Three months on, speaking to me, she refers to Osnes and Burns as girls (“because they’re younger than me”), and says to perform alongside them was “wonderful” for her, an “Oh my goodness” moment. With Wildhorn playing piano, and Jason Howland conducting the orchestra, the evening “felt special,” the former Corrie actor says. “Although we were in Manchester, I almost felt part of a Broadway company.”
As a mother of a teenager she “must have at some point watched the Disney Alice in Wonderland”, but she doesn’t remember doing so. She’s also not seen Tim Burton’s version of the Carroll classic. She has looked to other regions to shape her portrayal of the Queen of Hearts in the “Wicked-esque” Wonderland musical. What she’s created is a mix of Hyacinth Bucket, Queenie from Blackadder II, and characters she herself has played before.
I talk to her as she’s cutting heads off and eating jam tarts in Southend, at The Cliffs Pavilion – about the same size as New Theatre Oxford where she’ll be next. “It’s lovely playing different venues each week because I love going in on a Monday and assessing (sounds like the wrong word, like I’m doing a quote) the auditorium, my space and how differently I have to play her that week. If you’re in a massive theatre you’ve got to get to the back of the dress and upper circle; slightly smaller, and you can make it a little bit more intimate, and not project or push it quite as much.”
She tells me she’s not going to lie, and then that she doesn’t feel “that major buzz” she did in her younger days on stage. But “I adore live theatre,” she says, “there’s nothing like it.” She’s done her fair share of television, where “you don’t necessarily have any kind of buzz because there’s no reaction. There is adrenaline running because of the performance you’re giving but not to the same extent as when you’re on stage – especially in a musical when you’ve got a fabulous orchestra playing.”

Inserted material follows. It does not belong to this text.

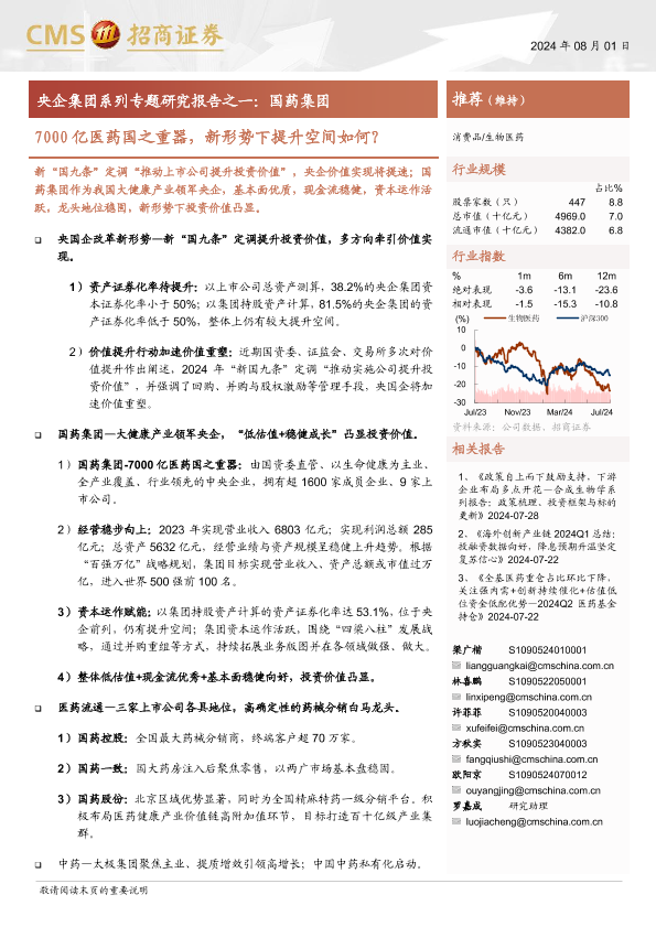 【海通证券】【20240801】生物医药行业央企集团系列专题研究报告之一-国药集团:7000亿医药国之重器,新形势下提升空间如何?-34页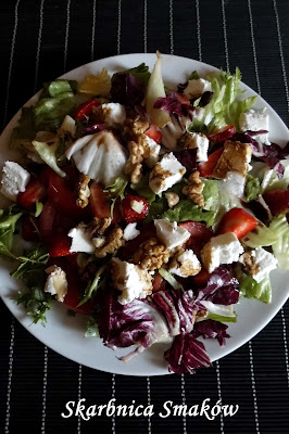 Sałatę polewamy z wierzchu niewielką ilością octu balsamicznego i gotowe.

Our conversation takes place not long after Valentine’s Day; how did the Queen of Hearts celebrate the occasion? “At home on my own looking after three dogs,” she says, informing me her husband was away in South Africa. “He did send some flowers and leave me chocolates and a card,” she continues, then recalling the message left in the latter – “Don’t forget to put the bins out.” I suppose not all evenings are as special as Frank Wildhorn & Friends.